3. Possibly the commonest used is as an acronym standing variously for

a. Computer User Non-Technical (someone who is a total fuck up when they try to use a computer);

b. Completely Useless Non-Thinker (someone who is a brain dead motherfucker);

c. Cannot Understand New Technology (someone who is a combination of a and b);

d. Cannot Utilise Normal Thinking (someone who is eccentric, but not in a good way);
1 Have you seen the cunt on that, it could swallow an elephant;
2 and 3 Whatever way you look at it, that Heale Malcolm is a complete cunt;
CUNT by AKACroatalin February 18, 2019

Pavement Fairy 

British Royal Navy slang dating from around the time of World War I. A Pavement Fairy is the name for a prostitute, whore or woman of easy virtue. The pavement part comes from these women having 'beats' on the pavement of a particular street, whilst the fairy has nothing to do with homosexuality, but possibly derives from Cinderella's Fairy Godmother who makes wishes come true.

At one time Union Street, in Plymouth UK was notorious for the numbers of pavement fairies plying their trade to give solace to soldiers, sailors and Royal Marines. There's even a rude version of the Irish folk song 'The Spanish Lady' that mentions both Plymouth and a pavement fairy:

As I walked into Plymouth City,
Union Street it was late at night,
There did I see a pavement fairy
Washing her snatch in the pale moonlight,
First she washed it then she dried it
Over a fire of red hot coal
In all my life I ne'er did see
So much singed hair round a dirty great hole.
Joe's out on the razzle tonight, but he's goin' for the pavement fairy first before he gets too pissed.
Pavement Fairy by AKACroatalin February 14, 2019

Londoncentric

It’s use has become quite common now in the United Kingdom and has two possible meanings:

1 It can mean centred on London and the belief that what is happening there is a true reflection of what is happening in the country as a whole. This belief is a mainstay of pundits, prognosticators and think tanks, which probably explains why they so often get things so wrong it would be laughable if it wasn’t so damned annoying.

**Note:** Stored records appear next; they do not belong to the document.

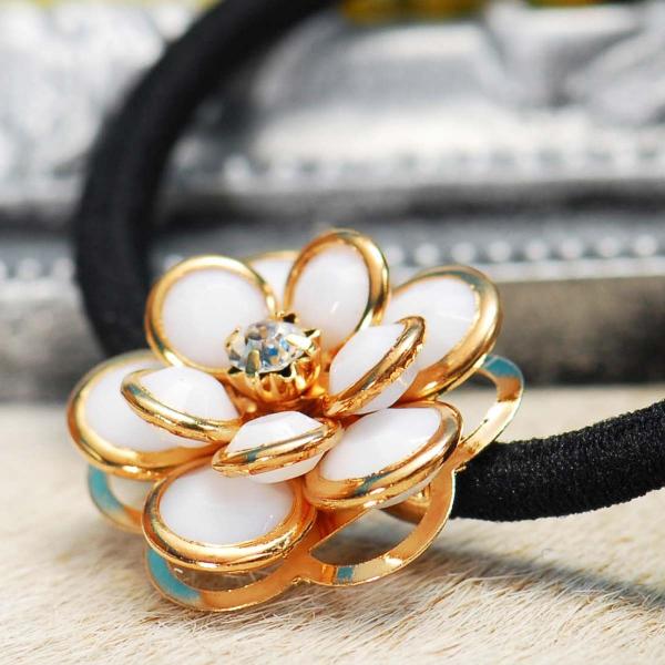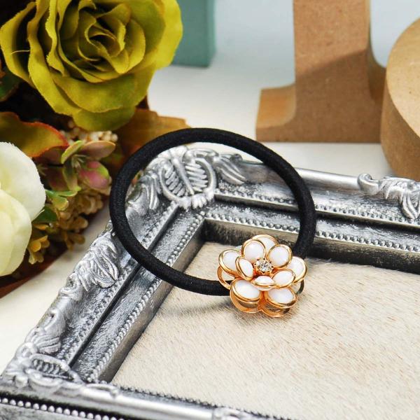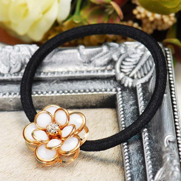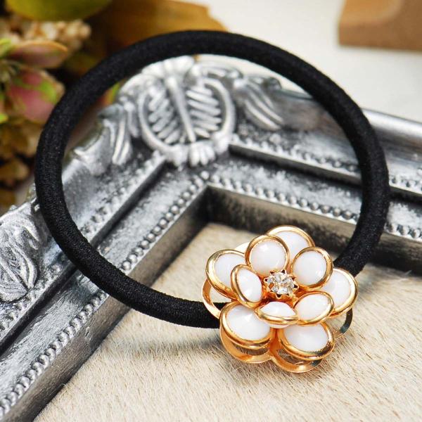 花モチーフ ヘアゴム 白 ゴールド ヘアアクセサリー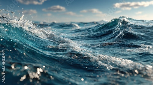 Obraz premium Close-up of turquoise ocean wave with sunlight reflecting off the surface,...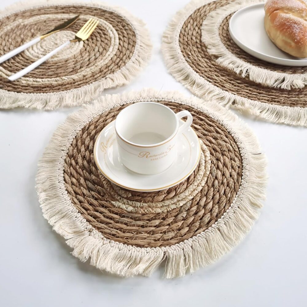 - كوستر دائري أنيق مصنوع من خامات طبيعية منسوجة بعناية ليضيف لمسة من الدفء والجمال على طاولتك.
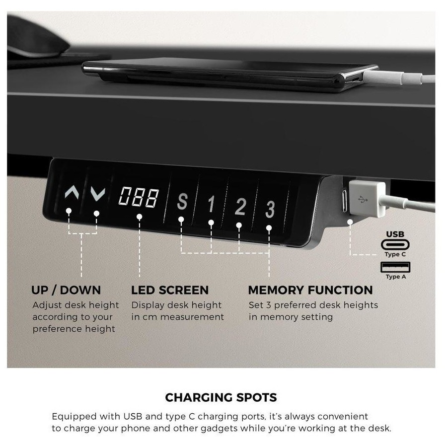 Thanks to the electric motor, adjusting the desk height is quick and effortless. Simply use the easy-to-reach control panel to raise or lower the desk from sitting to standing height in seconds. This promotes better posture and reduces strain caused by prolonged sitting.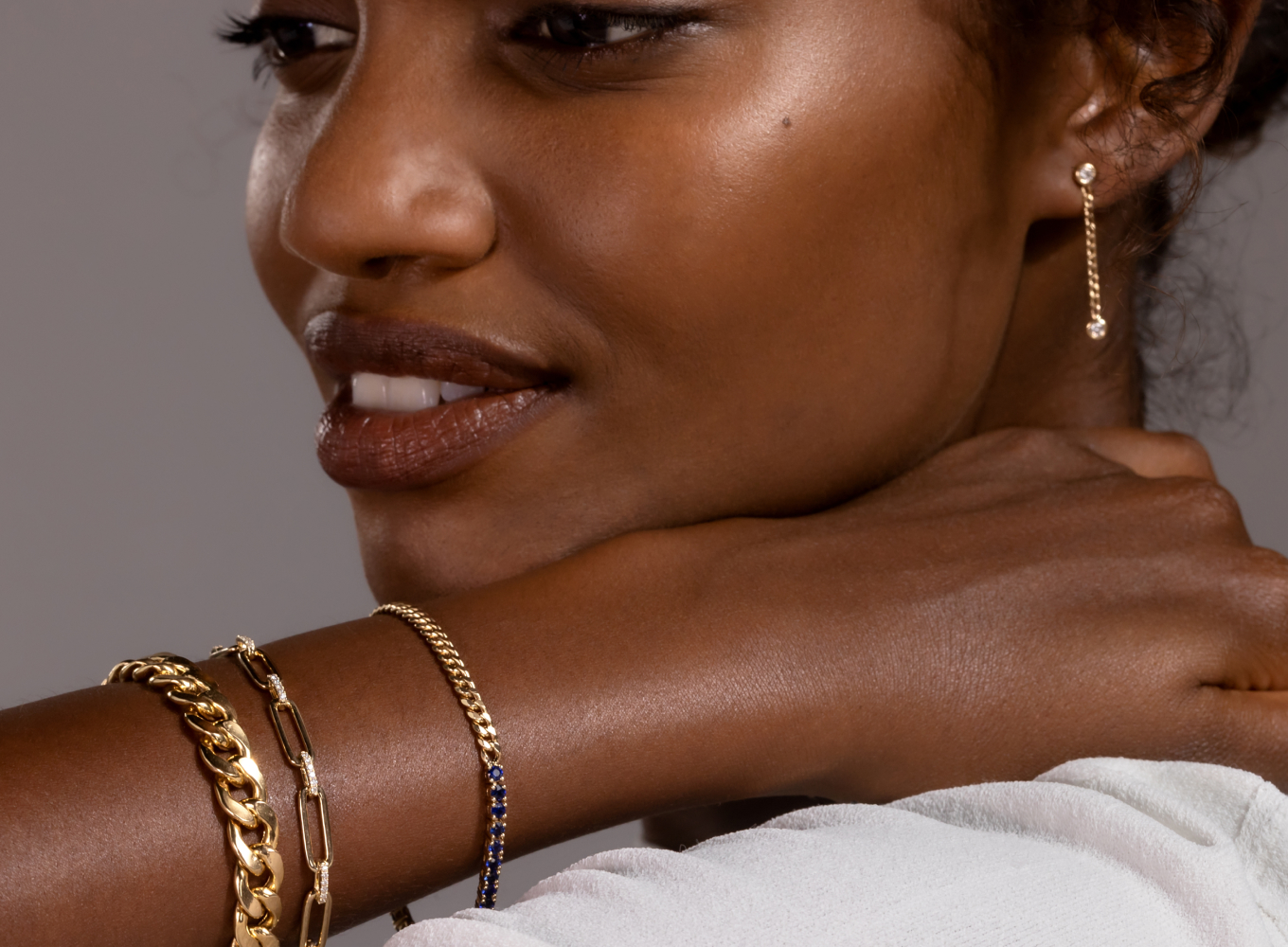 Why not pair a classic with a classic? Diamonds will stand out against your black outfit without totally detracting from the theme. They fit in seamlessly while adding an elegant touch of sparkle. From hoop earrings to tennis bracelets, shop our diamond jewelry selection for a range of options.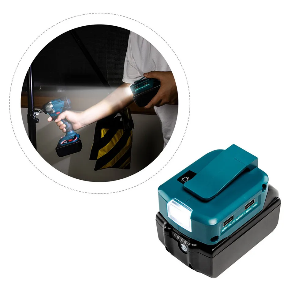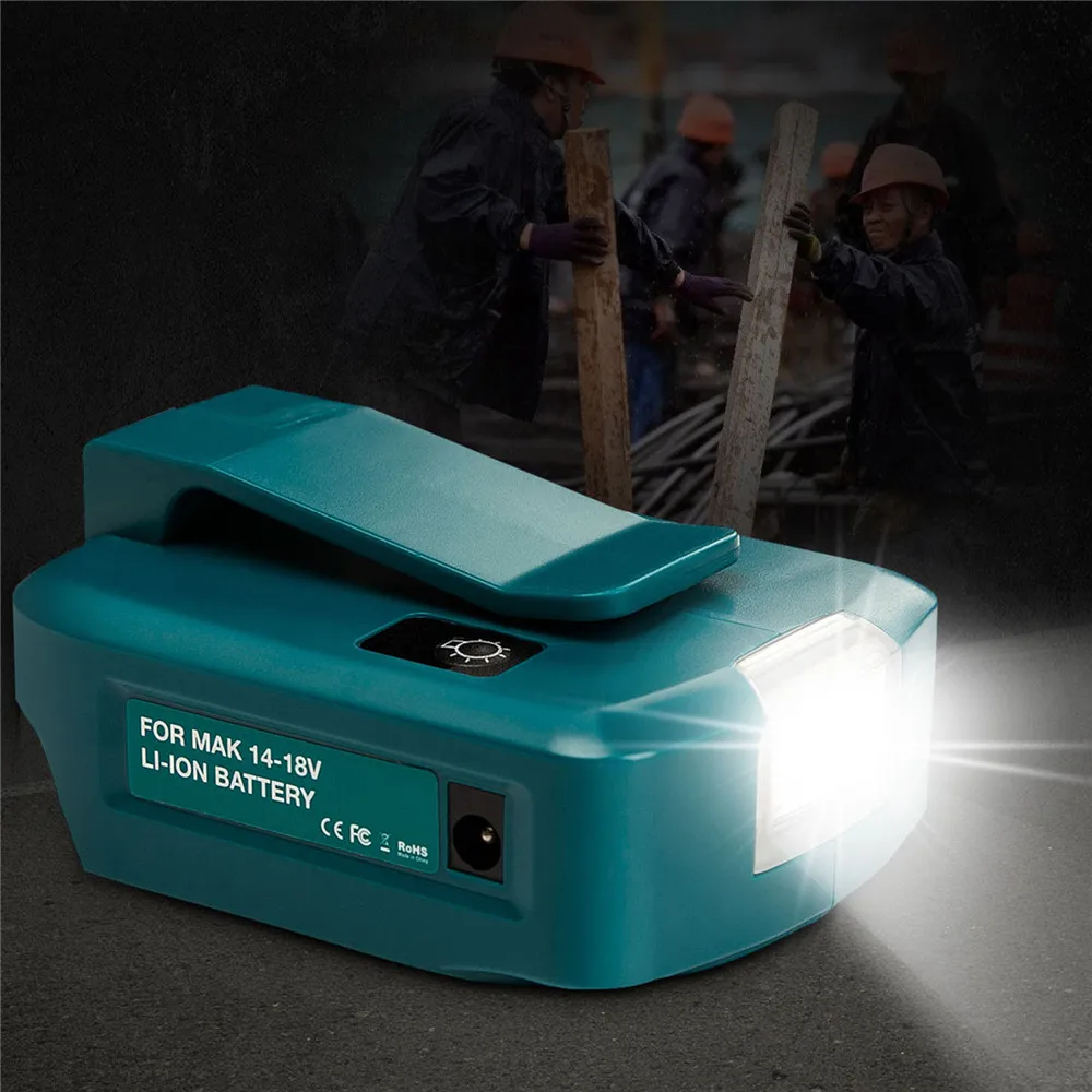 Portable 14.4V /18V 200LM LED Light Li-ion Battery Dual USB Battery Converter for Makita Battery Outdoor Flashlight Accessories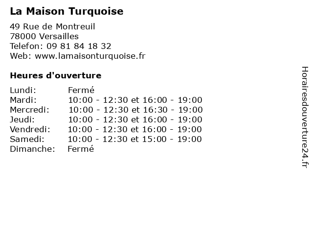 | Samedi | 10:00-12:30 et 15:00-19:00 |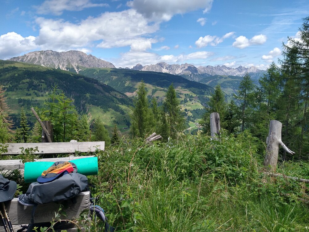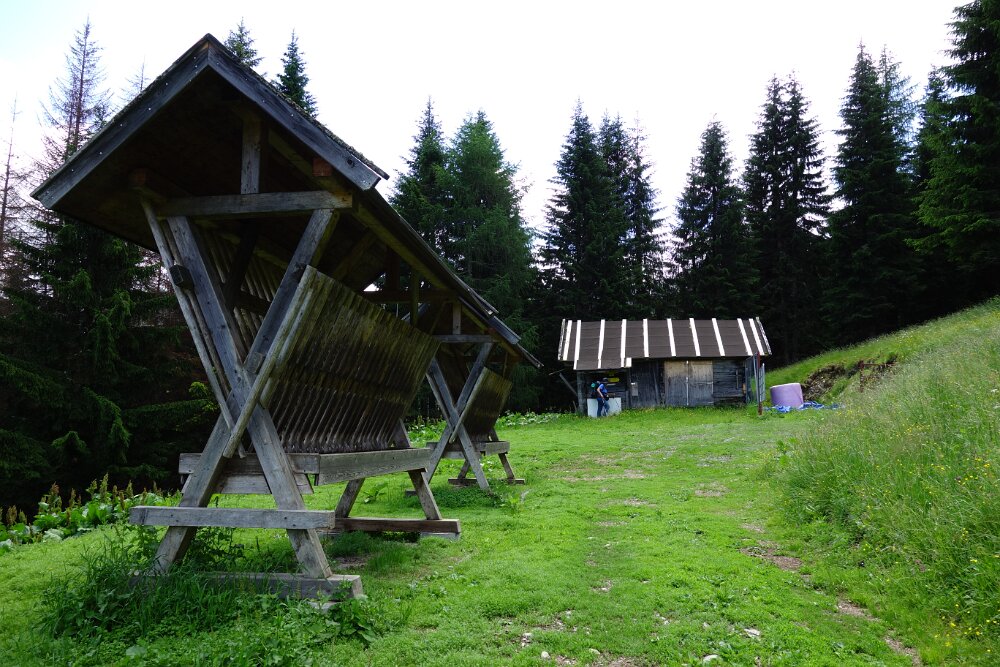 An der großen Sangeralm geht ein kaum sichtbarer Steig im Wald ab und hoch zu einer kleineren, ziemlich eingewachsenen und von außen fast schon verfallenen Hütte. Die Aussicht von hier ist bescheiden und ich will endlich über die Baumgrenze.

2 It is also used to describe the attitude of Londoners, not just those born there, but transplants from elsewhere who seem incapable of understanding that London is not the centre of the universe. This self-centred, egotistical arrogance has led to the belief that anywhere else in the country or even the world is not worthy of their attention. In short it describes people whose heads are so far up their own arseholes that if their eyes aren't brown then they ought to be.
1 In an interview on Channel 4 News, January 2014 Chuka Umunna, Shadow Secretary of State for Business, Innovation and Skills, used the word Londoncentric when replying to a question concerning the British Government's economic figures.

2 Since he was moved to HQ, Malcolm has become really londoncentric.